Create and store vector embeddings from your unstructured data.
Design and store evaluation criteria relevant to your business goals.
Create an agentic application to perform data transformation based on those criteria.
Rerun the inventory classification model with the new features added.

Figure 3. Methodology and requirements for Gen AI-powered inventory classification.

Beyond automating the manual evaluation of qualitative criteria, this solution operationalizes your entire data strategy. By unifying vector embeddings, metadata, and operational data in a single platform, you eliminate the latency of disjointed batch analytics pipelines. You can process new SKUs the moment they arrive, enabling you to manage massive product catalogs with real-time precision and scale.

Reference Architectures

This architecture operationalizes the four-step methodology. This solution relies on a dynamic, agentic workflow where MongoDB Atlas serves as the data backbone.

Create and store vector embeddings

Ingest unstructured data, such as product reviews, supplier notes, or support transcripts, into MongoDB Atlas. You use an embedding model (such as those from Voyage AI) to vectorize this text. You then store the resulting embeddings directly alongside the original source text in your MongoDB documents. This unified approach reduces infrastructure complexity and enables you to run low-latency semantic searches through a single API.
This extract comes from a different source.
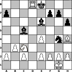 game notation in PGN-format [Event "5 Jahre Wikinger"] [Site "www.myChess.de"] [Date "2009.12.13"] [Round "1"] [White "UPS"] [Black "beowulf"] [ECO "C44"] [WhitemyELO "1682"] [BlackmyELO "1340"] [Result "1-0"] [TimeControl "10/864000"] [WhiteDays "10"] [BlackDays "10"] [MyChessNo "61530"] 1. e4 e5 2. Nf3 Nc6 3. d4 d6 4. dxe5 dxe5 5. Qxd8+ Kxd8 6. Bb5 Bc5 7. Bxc6 bxc6 8. Nxe5 Be6 9. Nxc6+ Kd7 10. Ne5+ Kd6 11. Bf4 Ke7 12. O-O Nf6 13. Nc3 Rab8 14. Nc6+ Kd7 15. Nxb8+ Rxb8 16. Rad1+ Ke7 17. b3 Rd8 18. Bxc7 Rxd1 19. Rxd1 Ng4 20. Bd8+ Ke8 21. Bh4 h6 22. Rd8# 1-0 position notation in FEN-format 3Rk3/p4pp1/4b2p/2b5/4P1nB/1PN5/P1P1PPPP/6K1 - - - 1 22 Captured white pieces: Captured black pieces: Click on a captured piece in order to display the desired move!

Figure 4. Product reviews can be stored as vector embeddings in MongoDB Atlas.

Design and store evaluation criteria

Define classification rules based on your specific business objectives, including cost reduction, minimizing stockouts, or enhancing customer experience. Previously, this demanded extensive manual effort and deep expert knowledge to map these goals to data. Now, an AI agent automates and scales this process.

The agent analyzes your available data and context to propose the optimal parameters and data source combinations to meet your objectives. You store these dynamic definitions in MongoDB as flexible JSON documents. This enables you to apply consistent, informed decision-making across massive inventories and adapt instantly to changing business requirements.

Figure 5. Unstructured and structured data are used by the AI agent to create criteria for feature generation.

Transform data with an agentic application

In this step, a second AI agent calculates the actual scores for your inventory. The agent iterates through your product catalog and uses MongoDB Atlas Vector Search to retrieve specific customer reviews relevant to the criteria defined in Step 2.

The agent analyzes this retrieval set, calculates a numerical feature score, and updates the original product document with this new data. This capability enriches your dataset with qualitative insights that are now mathematically comparable to your quantitative metrics.

Figure 6. An AI agent enriches product features with vectorized review data to generate new features.

Rerun the inventory classification model

Incorporate these new features into your MCIC model. Domain experts can assign weights to these new AI-generated signals to balance them against traditional financial metrics. Rerun the classification algorithm to segment your inventory into informed categories that reflect both economic value and real-world customer sentiment.

Figure 7. Domain experts can rerun classification after balancing weights.

Data Model Approach

The MongoDB document model unifies diverse data types without rigid schema constraints. This capability simplifies how you represent complex data at scale. The following examples illustrate the data structures required for this agentic workflow.

Quantitative metrics

Typically, inventory transactions, such as orders, contain the raw data required to calculate standard MCIC metrics, such as Annual Dollar Usage, Average Unit Cost, Total Annual Usage, and Lead Time.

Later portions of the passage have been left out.